Within the PA group, all of the patients had a normal personal history and normal neurological and neuroradiological examinations. None of these patients had seizures during the daytime or during wakefulness, or secondarily generalized seizures. Only three such patients accepted treatment, and carbamazepine was effective in two of them, reducing seizures by 75%.

Twenty-four per cent of the patients belonging to the NPD group had a structural brain abnormality; 57% of the patients presented seizures also during wakefulness and 49% had secondarily generalized seizures. In 24% of the cases, carbamazepine controlled seizures completely and in 14 cases (31%) it reduced seizures by at least 50%.
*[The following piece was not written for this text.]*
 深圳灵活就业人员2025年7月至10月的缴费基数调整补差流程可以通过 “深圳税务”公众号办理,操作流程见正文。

Five per cent of patients with ENW had focal abnormalities on brain CT and/or MRI. Thirteen percent of patients presented seizures also during the daytime. Carbamazepine controlled seizures completely in five patients (16%); there was a seizure reduction of at least 50% in 22 patients (71%).
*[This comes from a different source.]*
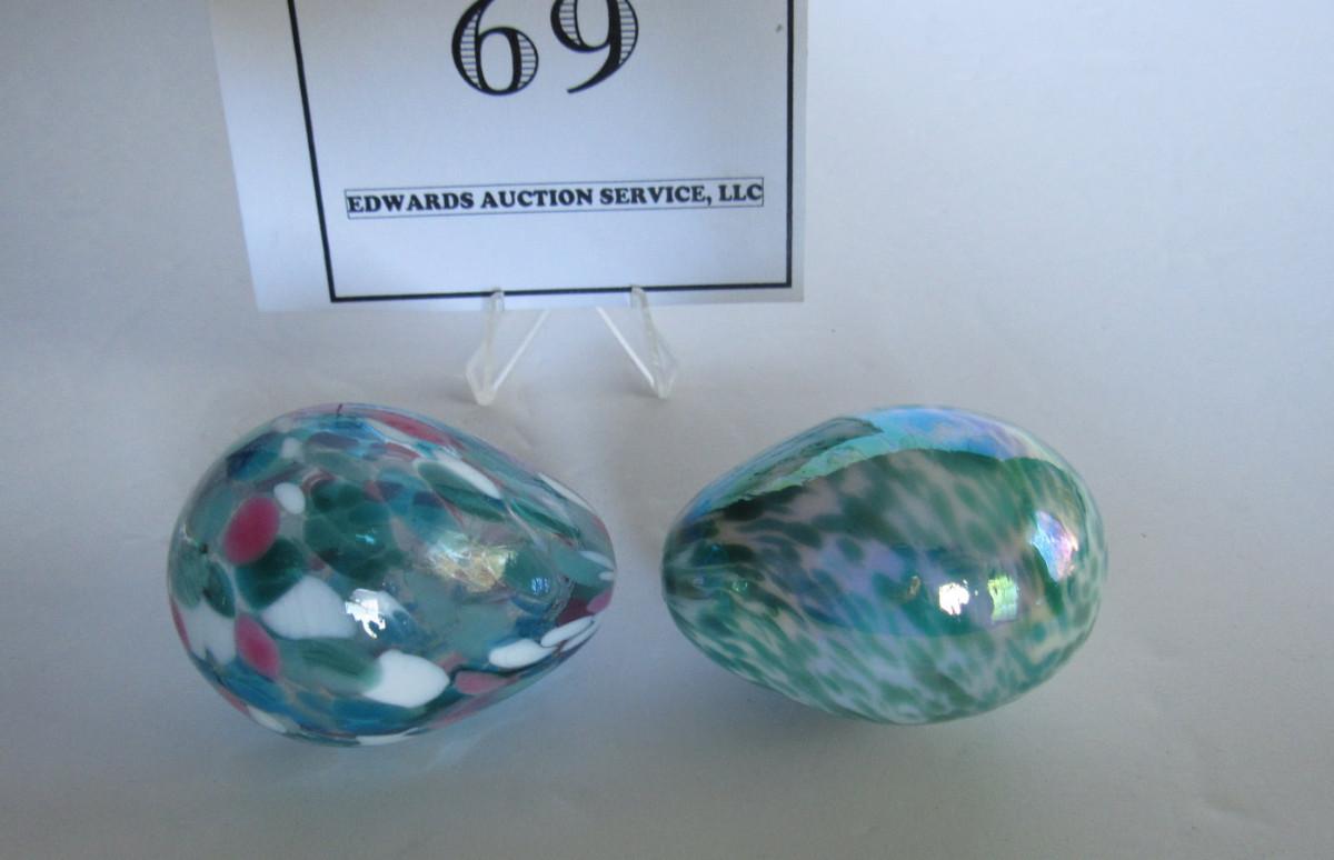 Gibson Glass Co Handmade 2 Glass Eggs and Glass Candy Cane

Statistical analysis (χ2 test) disclosed a significance for several associations of clinical characteristics with the three types of seizures (PA, NPD and ENW). In particular, in the PA group, the normal personal history (P = 0.008) and the absence of daytime and secondarily generalized seizures (P < 0.001), and in the NPD group, the family history for epilepsy (P < 0.001) and the higher frequency of night time (P = 0.022) and daytime and secondarily generalized seizures (P < 0.001) were statistically significant. In the ENW group, the family history positive for parasomnias (P < 0.001) and the personal history of sleep-walking (P = 0.008) were statistically significant. Furthermore, these patients significantly displayed a normal wake and sleep interictal EEG (P = 0.005). The clinical data for these different groups are reported in Tables 3 and 4.


Clinical features

In our series of 100 patients with NFLE, age at onset of the nocturnal seizures varied, but centred during infancy and adolescence, at around puberty (14 ± 10 years as a mean), a finding also typical of other partial epilepsies (Hauser, 1998). However, the wide range (1–64 years of age) certainly reflects a degree of heterogeneity in the causative mechanisms.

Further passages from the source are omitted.